Without the Drop Zone, that signal dies in someone's inbox. With it, any artifact you can paste, upload, push, or drop into a bucket becomes typed KRI values in your Risk Register, with citations, and flows through the same risk model the connector data does.
The Long-Tail Problem
Every security program has a stack of tools that matter but never get wired into anything. The regional SIEM that doesn't have an API. The vendor SOC 2 that arrives as a 47-page PDF. The pentest report from last quarter. The auditor's exception list. The configuration export from a niche scanner. The screenshot a partner sent over Slack.

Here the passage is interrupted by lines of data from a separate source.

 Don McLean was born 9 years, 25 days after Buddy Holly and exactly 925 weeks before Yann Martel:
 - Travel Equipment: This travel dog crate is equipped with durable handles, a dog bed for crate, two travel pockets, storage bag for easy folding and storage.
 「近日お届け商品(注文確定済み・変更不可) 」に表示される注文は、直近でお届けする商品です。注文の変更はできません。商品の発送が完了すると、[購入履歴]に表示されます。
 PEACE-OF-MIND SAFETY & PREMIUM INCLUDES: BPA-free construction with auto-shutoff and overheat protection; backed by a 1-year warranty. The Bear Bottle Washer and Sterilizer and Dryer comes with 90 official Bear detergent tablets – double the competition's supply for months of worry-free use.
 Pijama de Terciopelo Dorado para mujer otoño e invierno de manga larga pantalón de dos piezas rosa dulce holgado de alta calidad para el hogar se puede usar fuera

The signal in those artifacts is real. The cost of building a structured connector for each one is not.
Until now, the typical answer was an analyst with a spreadsheet and good intentions, which means most of the signal never made it into the Risk Register at all. The AI Drop Zone replaces that workflow with a single ingestion surface that knows the canonical catalog and extracts against it.

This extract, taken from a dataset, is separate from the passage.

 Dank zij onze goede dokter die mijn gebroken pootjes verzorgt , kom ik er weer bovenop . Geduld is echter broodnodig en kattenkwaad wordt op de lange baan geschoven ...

How the AI Drop Zone Works
The Drop Zone accepts artifacts through three intake paths, persists each one keyed by SHA-256, and runs a single bounded LLM pass against the Draxis canonical signal allow-list. Confidence and evidence are both required for auto-accept. Every accepted value cites the literal source span it was derived from.
1. Paste, Upload, or Webhook
Open Settings → Integrations → AI Drop Zone, paste a CSV, JSON, log, or config snapshot directly into the textarea, or drag a file (up to 5 MB of plain text, CSV, JSON, YAML, NDJSON, log, or TSV) into the upload zone. For programmatic pushes, every Drop Zone integration gets a webhook URL and a bearer token issued at save. The endpoint is idempotent on SHA-256, so pushing the same payload twice is a no-op, never a duplicate extraction.
2. AI Extraction Against the Catalog
Claude Sonnet scans the artifact body against the Draxis canonical signal allow-list (P1 and P2 catalog signals, bounded at 80 entries per scan) and proposes structured {signal_name, value, unit, confidence, reasoning, evidence} for each match. The evidence field is the literal source span (up to 200 characters) the value was derived from, so an auditor can trace any KRI back to the line of the document it came from.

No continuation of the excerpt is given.